#### Required action
This task calls for the lines below starting at the one containing "Next we need" and ending at the one containing "burgbad Fiumo 2.0", repeated exactly with both ends kept and pictures left out.

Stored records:
------

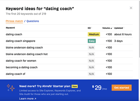 The commercial keyword “dating coaching Singapore” also only had 20 searches a month back then. Yes, I sold my first ever $497 dating advice program by ranking at the top of Google. I started by copywriting, hoping someone would read my blog posts. I failed miserably and returned to full time university.
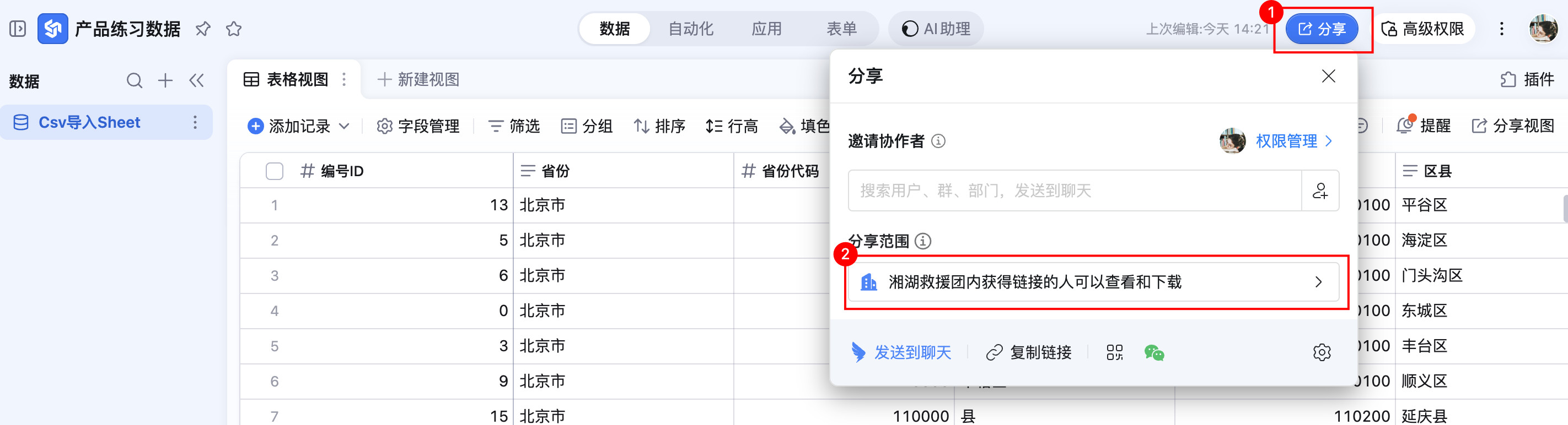 - 组织内获得链接的人可编辑(推荐选择,与 BI 平台对接时会进行组织权限校验);
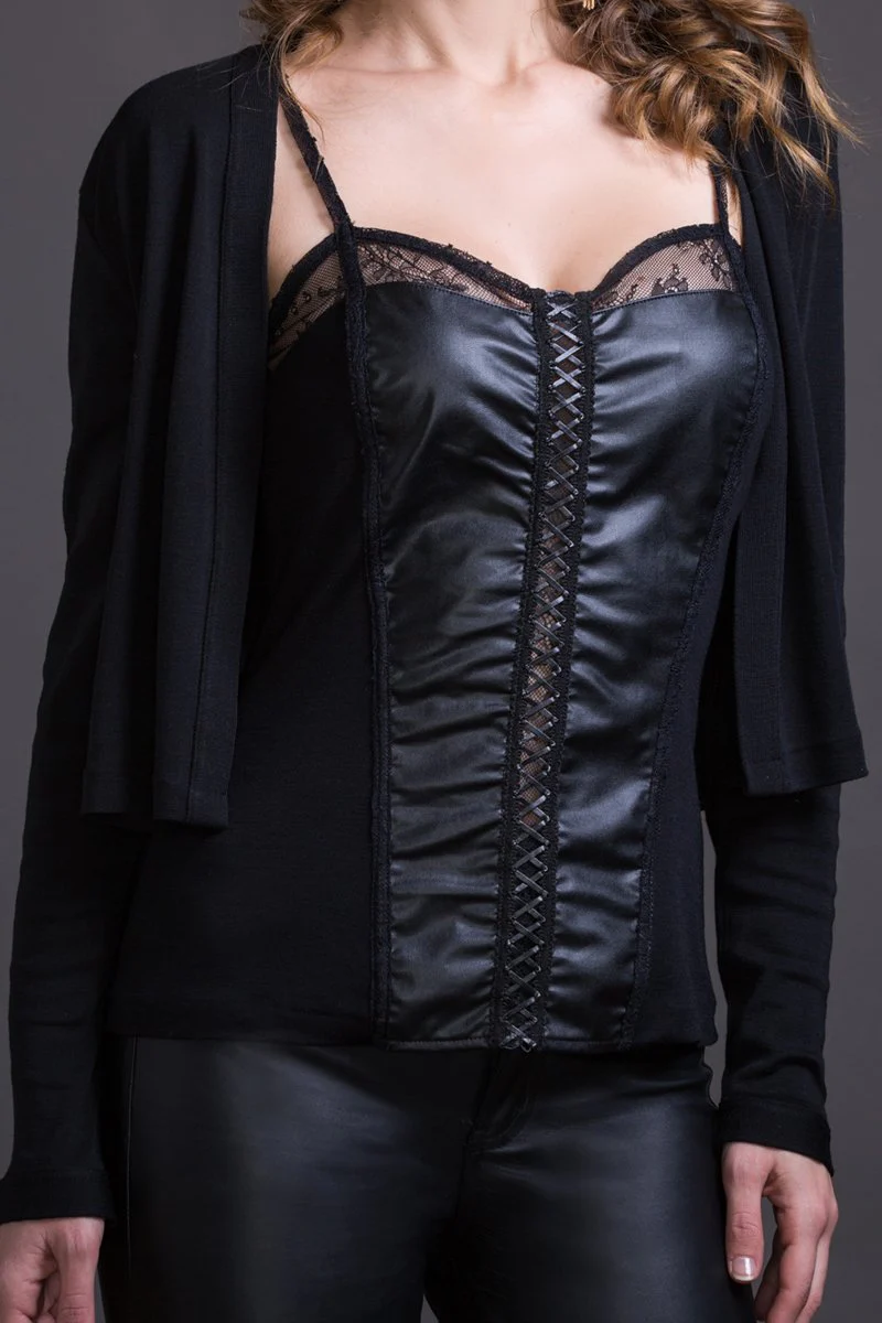 Corsetto da donna 697 in lana seta e eco-pelle – Spalla stretta e elegante design
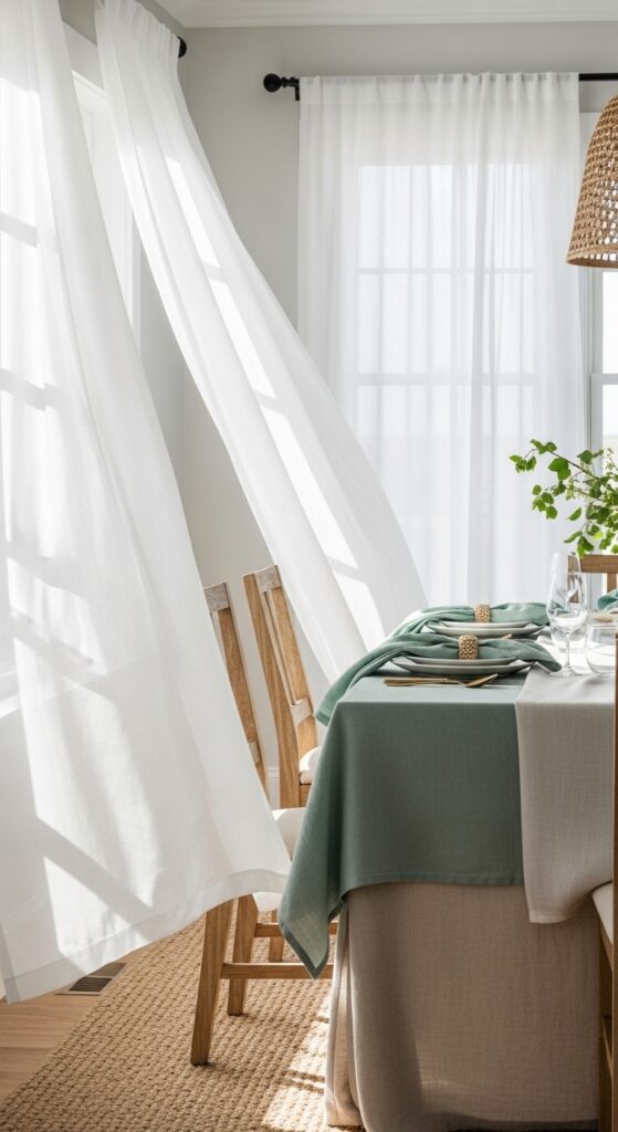 Flowing fabrics bring that gentle coastal movement indoors, creating the visual sensation of ocean breezes throughout your dining space. Flowing sheer curtains catch natural light while allowing soft movement that mimics wind patterns along the shoreline. Choose lightweight materials like cotton voile or linen blends that dance with air currents from windows or ceiling fans.
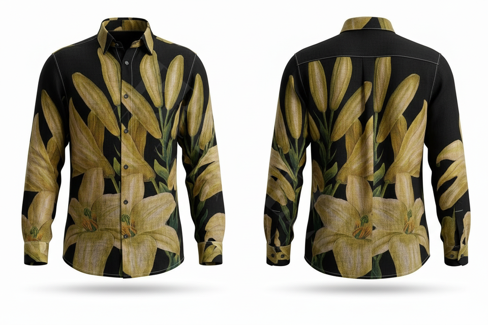เสื้อเชิ้ตแขนยาวพิมพ์ลายดอกไม้ตามสั่งสำหรับผู้ชายทุกฤดูกาล ทรงทันสมัย สวมใส่สบาย แฟชั่น เสื้อสั่งตัดได้
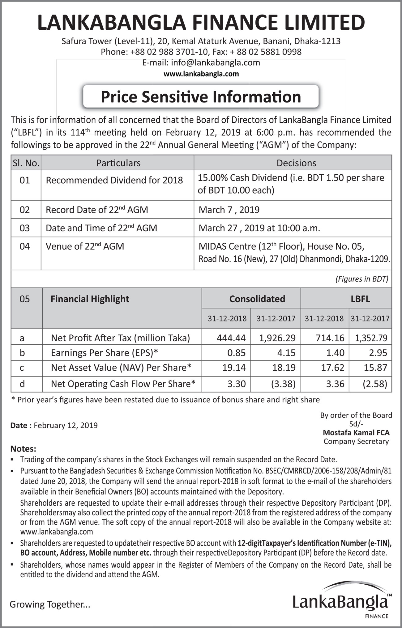 Price Sensitive Information of LankaBangla Finance ltd
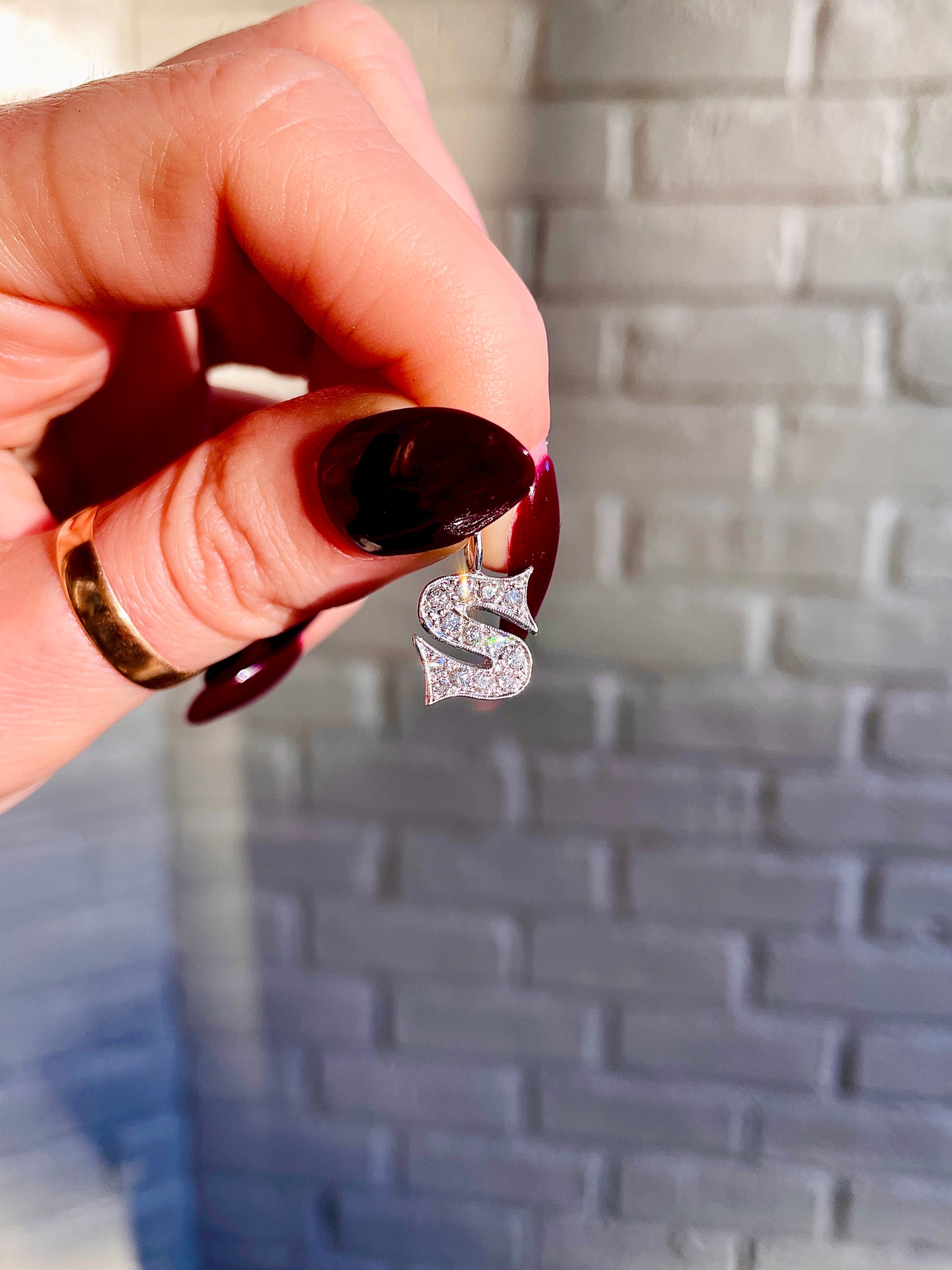 A really great Vintage white 14K letter S charm with .39 ctw diamonds. Measures 16.4 mm tall with bale and 11 mm across. In very good preowned vintage condition. Weighs 1.1 grams. In very good preowned vintage condition.
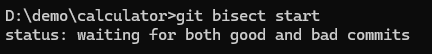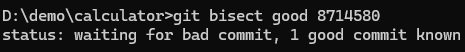 Next we need to give one known good commit where the feature(additon) worked and bad commit. We are going to use use the first commit for this demo (You can give previous good release commit ID)
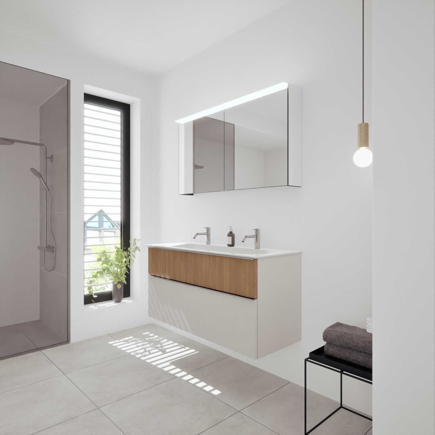 burgbad Fiumo 2.0 Spiegelschrank 120,6 cm mit LED-Aufsatzleuchte und Waschplatzbeleuchtung, 2 Spiegeltüren
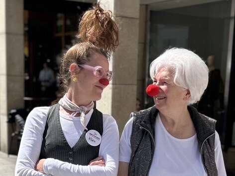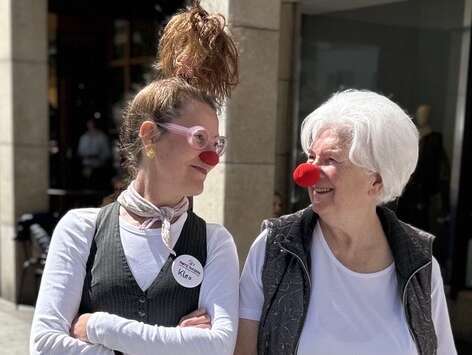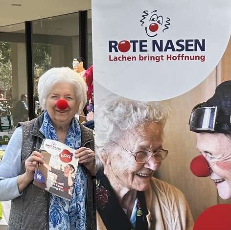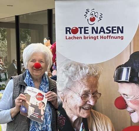 Beim diesjährigen Frühlingsfest war ROTE NASEN Deutschland mit dabei. Eingeladen und ermöglicht hat dies die 88-jährige Frau Ulla Frank, eine Unterstützerin, die die Initiative seit vielen Jahren mit bemerkenswerter Ausdauer begleitet. Sie organisiert die Aktion rund um den Markt, von der Vorbereitung bis zum Abbau, in Eigenregie und hat auch das ROTE NASEN Team eingeladen. Mit von der Partie war natürlich ROTE NASEN Clown Kleo, der dafür sorgte, dass die Marktbesucher:innen mit einem Lachen nach Hause gingen und erlebten, wofür die Clownfigur steht und was es bedeutet, wenn ein Clown in einem Moment der Schwere Leichtigkeit schenkt – genau das, was ROTE NASEN Clowns täglich in Krankenhäusern und Pflegeeinrichtungen tun.

------

#### Exercise answer
 Next we need to give one known good commit where the feature(additon) worked and bad commit. We are going to use use the first commit for this demo (You can give previous good release commit ID)
 burgbad Fiumo 2.0 Spiegelschrank 120,6 cm mit LED-Aufsatzleuchte und Waschplatzbeleuchtung, 2 Spiegeltüren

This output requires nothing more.